2013: Kategorie Einzelperson: Gisela Kern als ehrenamtliche Mitarbeiterin und Mitgründerin der AMSEL Kontaktgruppe Böblingen – Sindelfingen; Monika Hörner für ihr langjähriges Engagement in der Martin-Luther-Gemeinde, dem Stadtteilarbeitskreis Rauher Kapf und für Demenz-Erkrankte und Pflegebedürftige.; Kategorie Vereine, Organisationen, Projekte: Böblinger Tafel-Laden (Evangelische Gesamtkirchengemeinde Böblingen), der 2005 öffnete.; Kategorie Unternehmen: Kreiszeitung Böblinger Bote - Fördert seit 1988 die „Pro-Vita Aktion Lebenshilfe e.V“ mit der Weihnachtssternaktion. Der Verkaufserlös kommt ungeschmälert sozialen Projekten und Einrichtungen zugute.

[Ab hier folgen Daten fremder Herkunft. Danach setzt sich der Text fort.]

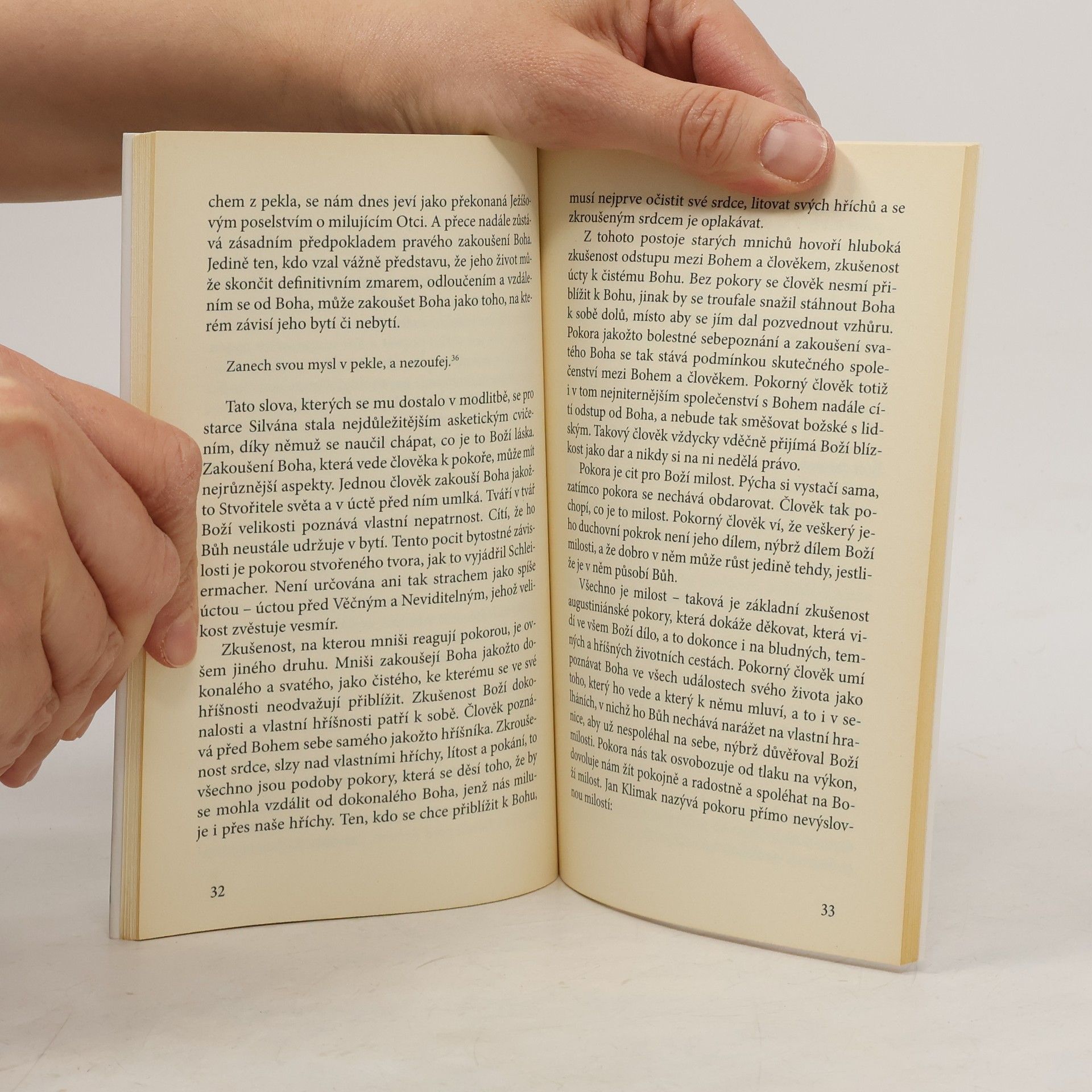 Kniha je jakoby ilustrací slov žalmu „Zkroušeným a pokorným srdcem, Bože, nepohrdneš“. Pokora je nezbytná ctnost pro každého, kdo se chce více přimknout k Bohu a žít v jeho blízkosti. Autor rozkrývá její podstatu, popisuje její účinky i cesty, jež k ní vedou. Hojně přitom čerpá z Bible a moudrosti pouštních otců.
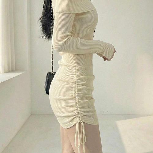 여성스러운 니트 숄더 원피스 체형커버 러블리캐쥬얼 벨트 미니 겨울
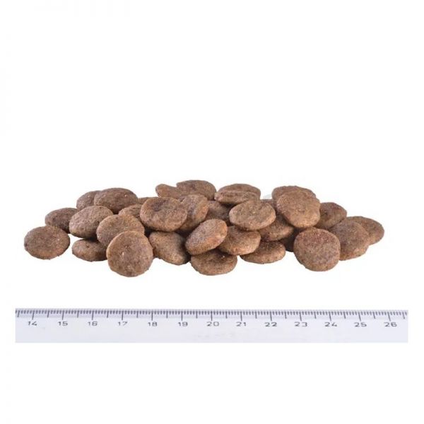 Składniki: Groszek żółty (25%), jajko (12%), groszek zielony (12%), hydrolizowane białko z indyka (11%), tłuszcz z kurczaka (10%), kasza gryczana, szpik jabłkowy, chlorek sodu (3%), olej z łososia (3%), hydrolizowana wątróbka z kurczaka (2%), minerały, suszone algi (0,5%, Ascophyllum nodosum), siarczan wapnia (0,4%, zakwaszacz moczu), żurawina (0,3%, Vaccinium vitis-idaea), ekstrakt drożdżowy (źródło oligosacharydów mannanowych, 0,022%), β-glukany (0,02%), fruktooligosacharydy (0,02%), jukka mohave (0,02%), rokitnik zwyczajny (0,015%).
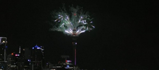इनके बाद न्यूजीलैंड ने भी नए साल का स्वागत आतिशबाजी से किया। ऑकलैंड ने स्काई टॉवर पर रंगीन आतिशबाजी के साथ नए साल को रोशन किया। पांच मिनट के इस शो में 240 मीटर (787 फीट) ऊंचे टॉवर, जो न्यूजीलैंड की सबसे ऊंची इमारत है, की अलग-अलग मंजिलों से 3,500 पटाखे चलाए गए।
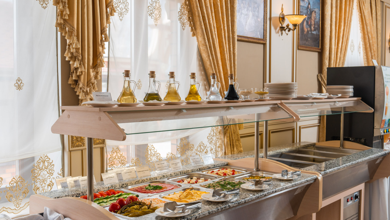 Блюда здорового питания выделены на «шведском столе» информационными табличками зеленого цвета.
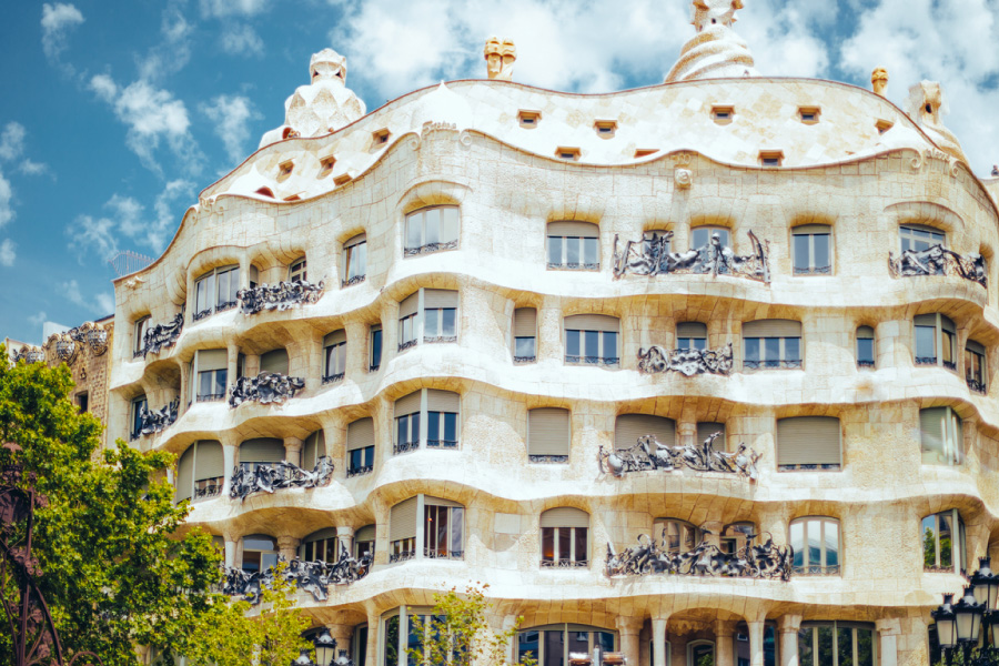 世界遺産のカサ・ミラは、ガウディが手がけた最後の民間建築とされている。山をテーマにした建物で、波打つような曲線を主調としており、その独特の形状から石切り場という意味のラ・ペドレラとも呼ばれる。内部は、屋上テラスや居住スペースの一部が見学可能。屋根裏にはカサ・ミラの資料が展示されている。

2011: Kategorie Einzelperson: Ingeburg Carius - 37 Jahre Leiterin des Singkreises "Sing mit“; Serdar Ertürk - 29 Jahre ehrenamtlich engagiert, Gründungsmitglied „Helfende Hand e.V.“, Anti-Aggressions-Projekte für Jugendliche und Erwachsene, Väter- und Männer-Seminare; Brigitte Richter - 27 Jahre beim AWO Ortsverein tätig, Engagement in der Seniorenarbeit, Integration von Menschen mit Migrationshintergrund und von Menschen mit einer Behinderung.; Kategorie Vereine: "Arbeitskreis Leben e.V. Hilfe in Lebenskrisen und bei Selbsttötungsgefahr"
 
2009: Pfarrer Paul Schobel wurde für den Aufbau, die Leitung und langjährige Förderung der Betriebsseelsorge Böblingen sowie für die Gründung des Arbeiterzentrums der Stadt Böblingen geehrt.
 
2007 für das langjährige Engagement im Bürgercafé Emil: die Gründungsmitglieder des Café Emil Brigitte Clemen, Helga Dudenhausen, Kristina von Ehrenkrook-Grabsch, Inge Glanzmann, Werner Kramme, Andrea Opalla, Verena Stierle, Ottmar Wahler.
 
2005 im europäischen Jahr der Demokratieerziehung für besondere Verdienste im Bereich der Integration: Jutta Jakobi (Betreuung einer kurdischen Familie), Tahsin Mengüllüoglu (Vorsitzender des KSC), Elfi Juppen, Ursula Stürner, Ingrid Vogt, Heidi Schüppen, Sigrid Setaro und Renate Pfizenmaier (Hausaufgabenbetreuung an Böblinger Schulen), Ayse Gözlükaya (Vorsitzende des Türkischen Elternvereins).
 
2003 im europäischen Jahr der Menschen mit Behinderungen: Harry Jung (AMSEL Kontaktgruppe), Helga Kramme und Werner Kramme (Rollstuhlinitiative), Gisela Klose, Rudi Klose, Elsbeth Wagner (Freizeitclub für Behinderte und Nichtbehinderte), die Alzheimer Betreuungsgruppe Böblingen (Brigitte Scholz und zehn weitere Personen), Caritas Kreis im Pfarramt St. Maria zur Begleitung von Behinderten und ihren Angehörigen (Adelheid Braig und fünf weitere Personen), das Team Wohnberatung für behinderte Menschen (Erich Binder und sechs Personen).
 
2001: 132 ehrenamtliche Mitarbeiter/-innen von Besuchsdiensten der Kirchen, von Wohlfahrtsverbänden und aus Alten- und Pflegeheimen.